TASK OBJECTIVE :: Look through the data below and output, unchanged, every line from the one holding "Exercices de soutien" through the one holding "This cute black", inclusive. Skip the pictures.

DATA FOR THIS EXERCISE ::
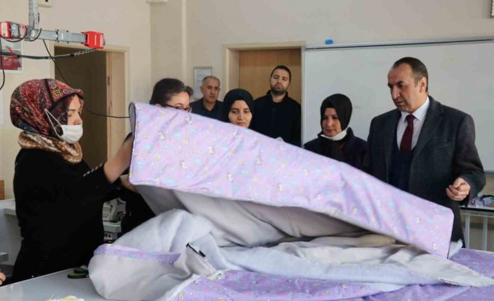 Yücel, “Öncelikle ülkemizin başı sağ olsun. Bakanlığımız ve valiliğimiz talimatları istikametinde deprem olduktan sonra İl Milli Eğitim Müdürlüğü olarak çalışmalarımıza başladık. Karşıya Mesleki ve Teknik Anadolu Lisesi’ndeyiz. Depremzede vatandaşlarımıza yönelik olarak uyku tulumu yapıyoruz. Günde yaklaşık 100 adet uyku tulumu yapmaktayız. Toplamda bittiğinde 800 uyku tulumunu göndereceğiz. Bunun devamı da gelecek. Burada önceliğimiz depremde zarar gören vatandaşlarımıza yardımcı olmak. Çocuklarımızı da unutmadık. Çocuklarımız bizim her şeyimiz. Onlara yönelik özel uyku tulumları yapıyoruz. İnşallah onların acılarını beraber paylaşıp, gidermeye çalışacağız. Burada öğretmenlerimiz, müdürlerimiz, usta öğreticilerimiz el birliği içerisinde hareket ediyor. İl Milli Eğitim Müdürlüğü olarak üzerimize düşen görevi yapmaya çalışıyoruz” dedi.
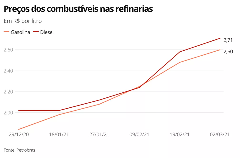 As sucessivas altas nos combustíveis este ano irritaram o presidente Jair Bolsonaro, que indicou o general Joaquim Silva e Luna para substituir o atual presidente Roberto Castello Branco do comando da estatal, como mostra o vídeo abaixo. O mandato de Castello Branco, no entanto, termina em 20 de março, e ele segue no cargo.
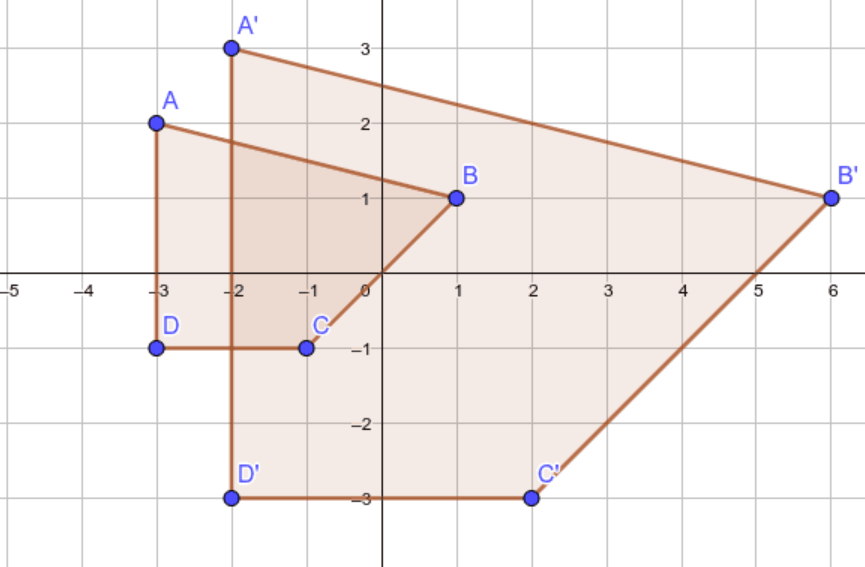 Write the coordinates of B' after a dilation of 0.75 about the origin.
* * *
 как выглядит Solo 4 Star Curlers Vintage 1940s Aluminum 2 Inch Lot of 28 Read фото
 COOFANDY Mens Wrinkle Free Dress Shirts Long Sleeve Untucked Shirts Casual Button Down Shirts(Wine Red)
---
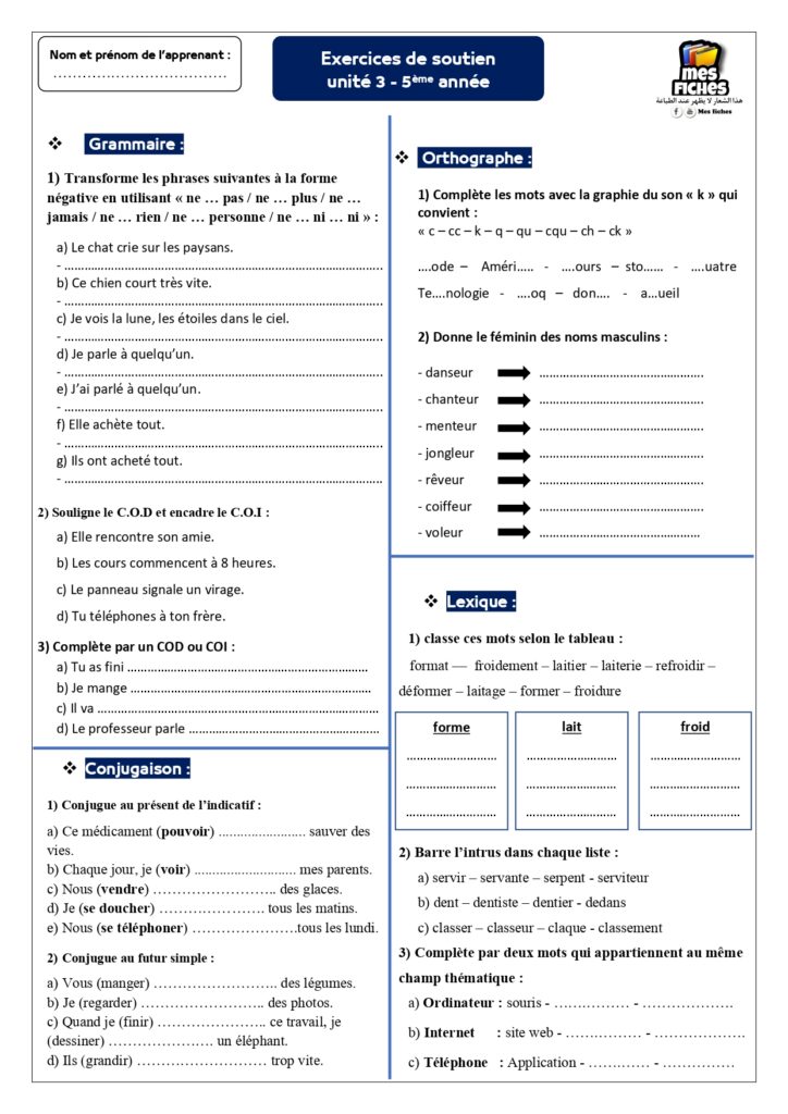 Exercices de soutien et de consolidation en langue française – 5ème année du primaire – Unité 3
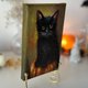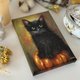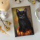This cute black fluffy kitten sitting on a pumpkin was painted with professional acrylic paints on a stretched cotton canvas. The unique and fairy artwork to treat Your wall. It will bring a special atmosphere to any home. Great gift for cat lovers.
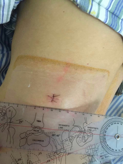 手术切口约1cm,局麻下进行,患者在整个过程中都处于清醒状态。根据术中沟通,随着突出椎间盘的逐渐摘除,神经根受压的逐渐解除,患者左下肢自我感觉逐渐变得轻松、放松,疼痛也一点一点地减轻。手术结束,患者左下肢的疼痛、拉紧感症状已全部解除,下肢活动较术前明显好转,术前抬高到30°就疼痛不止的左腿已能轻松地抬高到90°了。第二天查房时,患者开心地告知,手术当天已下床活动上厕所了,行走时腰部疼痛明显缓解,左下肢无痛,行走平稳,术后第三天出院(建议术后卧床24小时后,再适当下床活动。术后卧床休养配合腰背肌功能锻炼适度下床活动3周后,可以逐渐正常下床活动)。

EXPECTED ANSWER ::
 Exercices de soutien et de consolidation en langue française – 5ème année du primaire – Unité 3
This cute black fluffy kitten sitting on a pumpkin was painted with professional acrylic paints on a stretched cotton canvas. The unique and fairy artwork to treat Your wall. It will bring a special atmosphere to any home. Great gift for cat lovers.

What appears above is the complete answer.